My mom, on the other hand, is one of the most efficient people I know. She’s a very task-oriented person, so my “Eh, I’ll deal with it tomorrow” approach drives her insane. When she visited me in Charlotte recently, she offered me some simple but highly useful advice to help me stop being such a grand supreme procrastinator. She explained that when she has annoying tasks that have to get done, she either takes a day and checks them all off her list OR she does one per day until they’re done.

So let’s say you have to get an oil change, go to the DMV to get a new license, and go to the dentist. Three tasks that won’t take a ton of time, but still require you to block out a portion of your day to do them. My old approach would be to put off all of these items, hoping that eventually they magically handle themselves. Then I end up with cavities/an expired license/ a car that doesn’t work. No bueno. Instead, my mom would suggest hitting the DMV on Monday, going to the dentist on Tuesday because that’s when they can fit me in, and then on Wednesday getting an oil change. Or I could take a personal day, do it all on Tuesday, and never have to think about any of it again.
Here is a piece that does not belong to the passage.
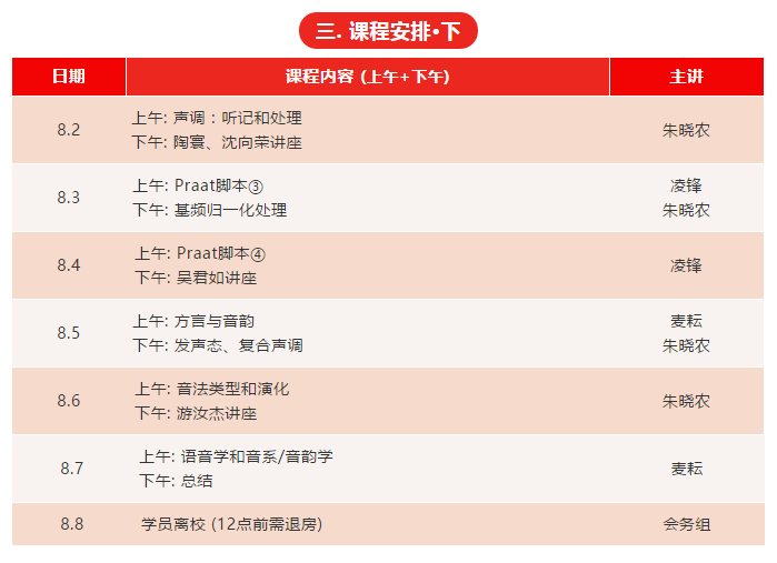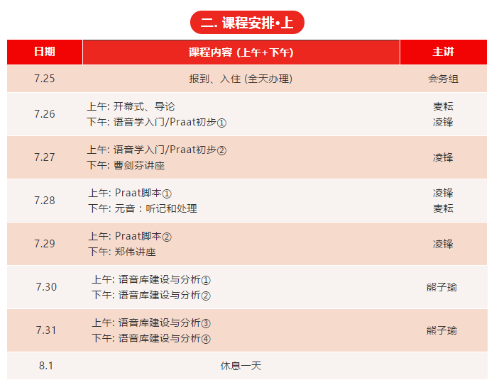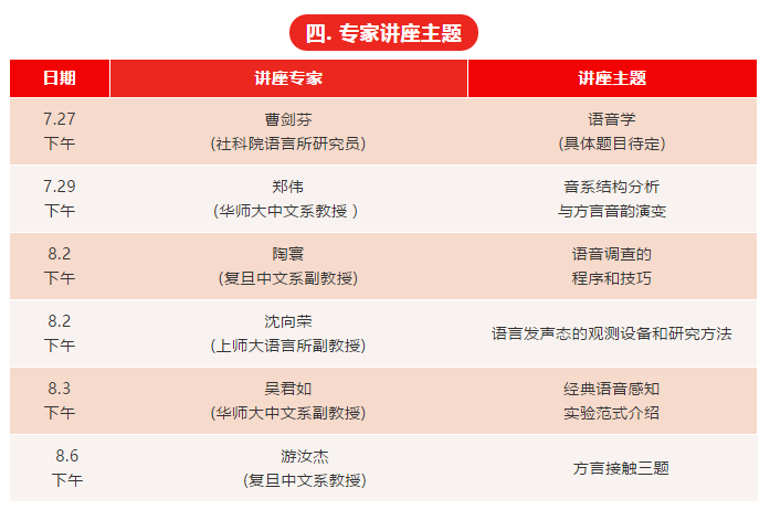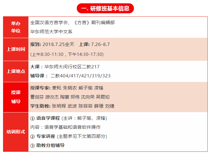 本次推送的是“2018田野語(yǔ)音學(xué)高級(jí)研修班”的課程安排,主要包括五部分:研修班基本信息、上半段課程、下半段課程、專家講座主題、漢語(yǔ)方言類型研討會(huì)簡(jiǎn)易日程。當(dāng)前日程僅為暫擬,如有變更,將及時(shí)告知,請(qǐng)各位研修班學(xué)員多加留意!
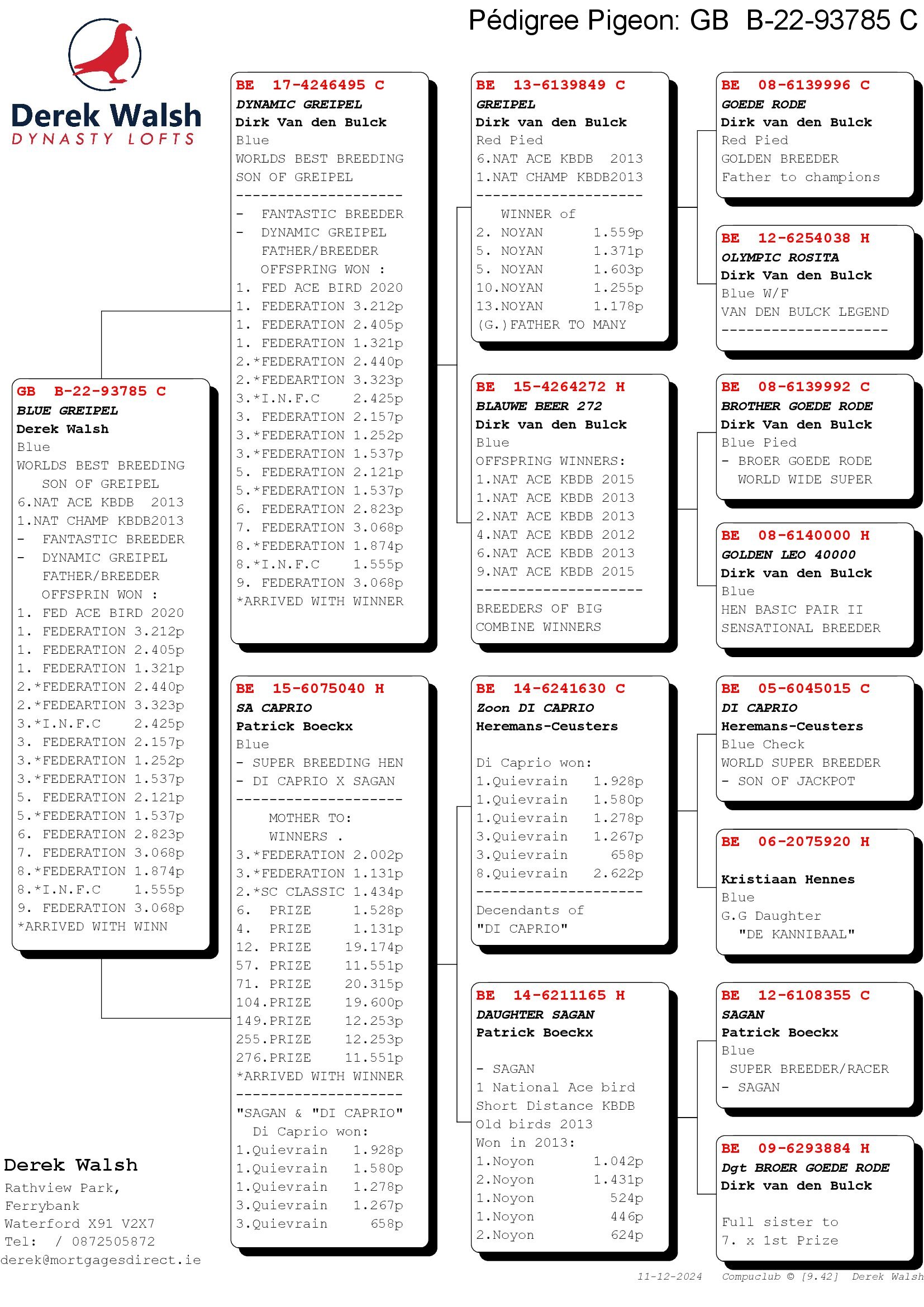 GB 22 B93785 Blue Cock “Blue Greipel” he is a grandson of Greipel, Blauwe Beer 272 and his mother is a granddaughter of Sagan and Di Caprio.

When you approach these annoying but necessary evils in a carefully planned way, you can pick a calmer week at work during which you’ll do these tasks. When you’re cramming them in at the last minute, you may have no choice but to fit them in when you also have a major presentation or deadline to worry about. It’s a much more relaxed (and mature) way to approach a “To Do” list, right? Moms always know best.